- Chinese: 咿呀咿呀
- Genre: Children's television series
- Based on: Inai Inai Baa! by NHK
- Directed by: Zhu Wenyao; Liu Daku;
- Starring: Huang Zhen<; Yu Yang; Zhou Haixia; Xu Mingjie; Zhang Yi (2017–2020); Sun Yatong (2020–) ;
- Country of origin: China
- Original language: Chinese

Production
- Production locations: Shanghai, China
- Running time: 15 min
- Production companies: NHK; SMG; Shanghai Xiyou Culture;

Original release
- Network: Haha Xuandong TV
- Release: 1 July 2017 – November 2022

Related
- Inai Inai Baa!

= Yiyayiya =

2017 Chinese television series

Yiyayiya (咿呀咿呀) is a Chinese children's television series focusing on singing, dancing, gymnastics, handicrafts, and language. On July 1, 2017, it was broadcast on Haha Xuandong TV (哈哈炫动卫视) and other channels, and was one of the columns of "Baby Academy" (宝贝学院).

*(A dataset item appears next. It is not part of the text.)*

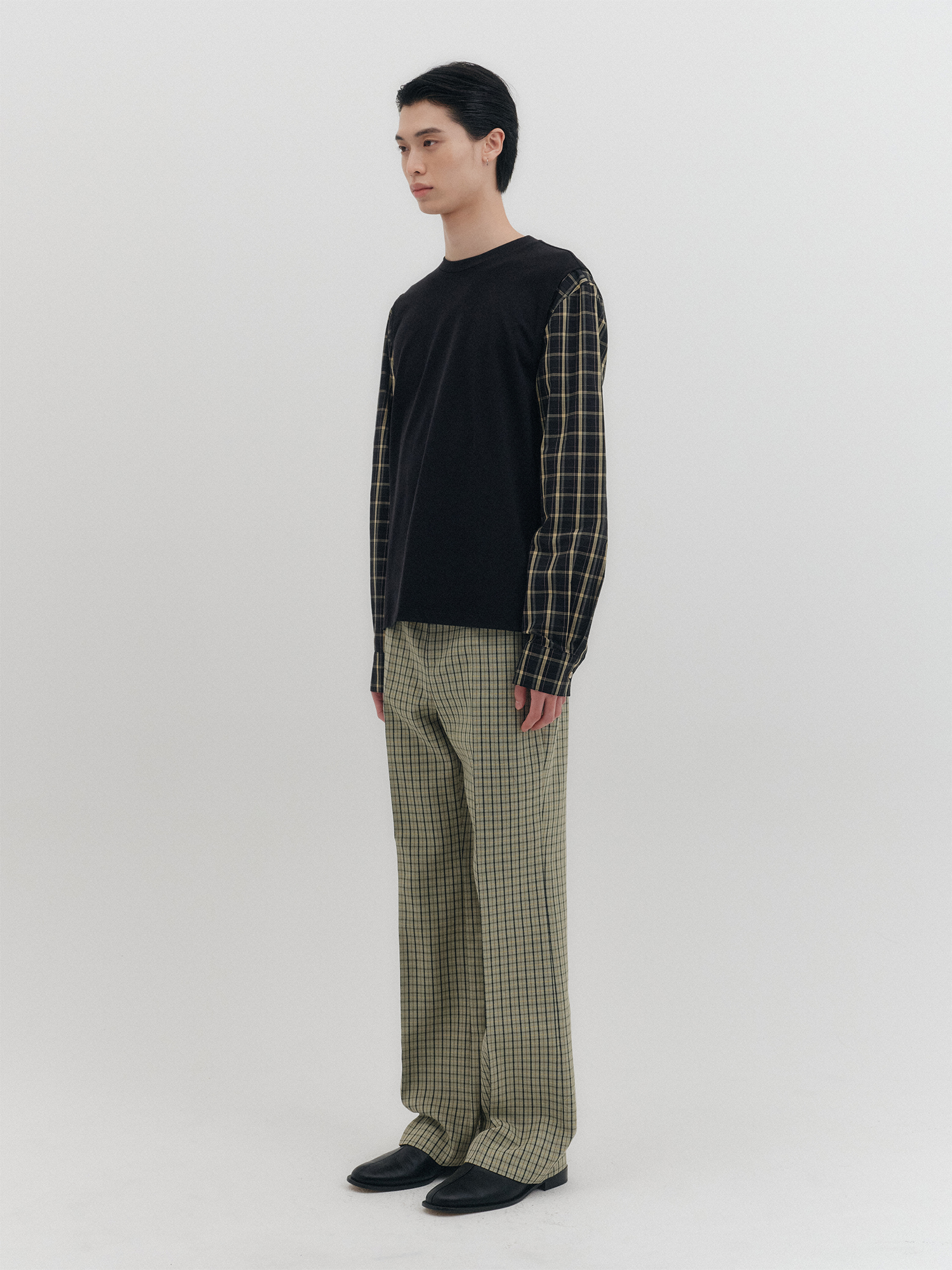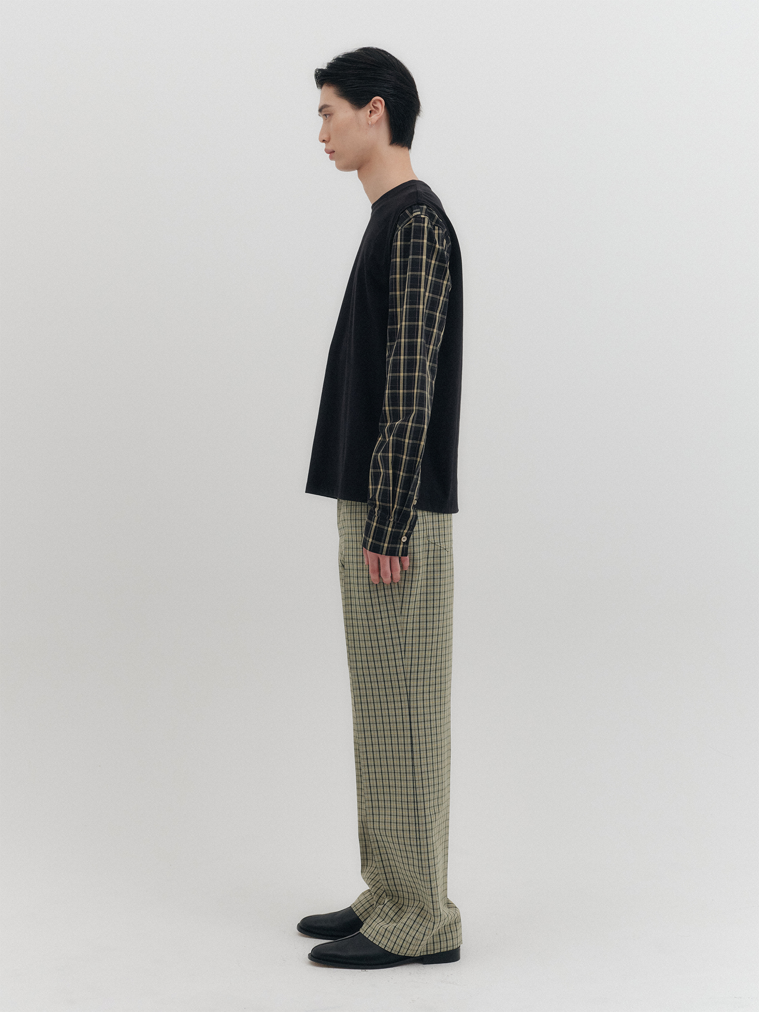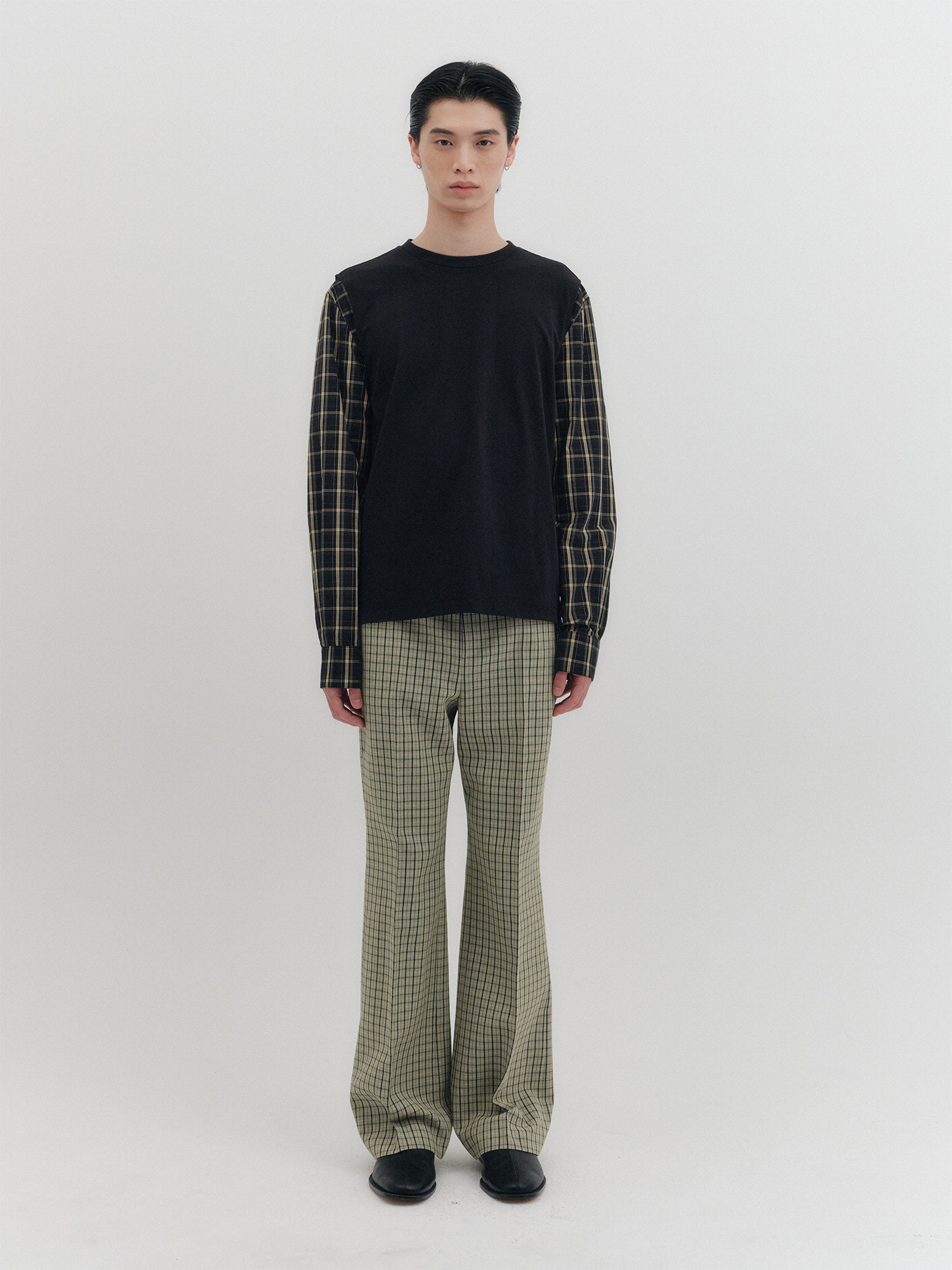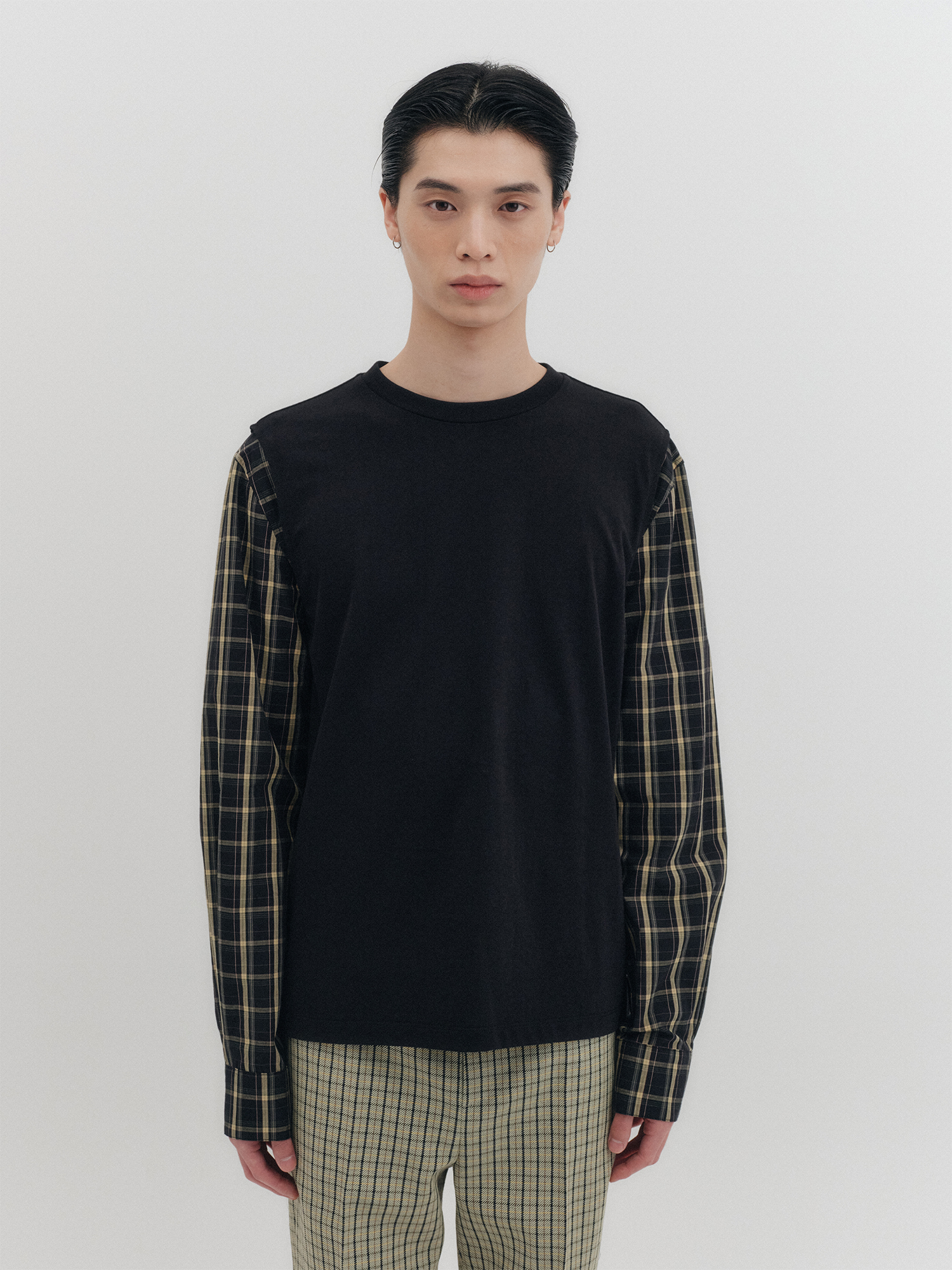 배색 롱 슬리브 탑- 블랙

The program is co-produced by Shanghai Media Group and Shanghai Xiyou Culture (上海习游文化), with NHK providing some content and technical support. In November 2022, due to program arrangement issues with Haha Xuandong TV, Yiyayiya was suspended.

==Summary==
Yiyayiya is adapted from Japanese children's program Inai Inai Baa! broadcast by NHK Educational TV. The program was filmed in Shanghai. It is hosted by Wangwang (汪汪), Wutang (乌糖), Xiaoyi (小亦), and Xiaotong (小瞳).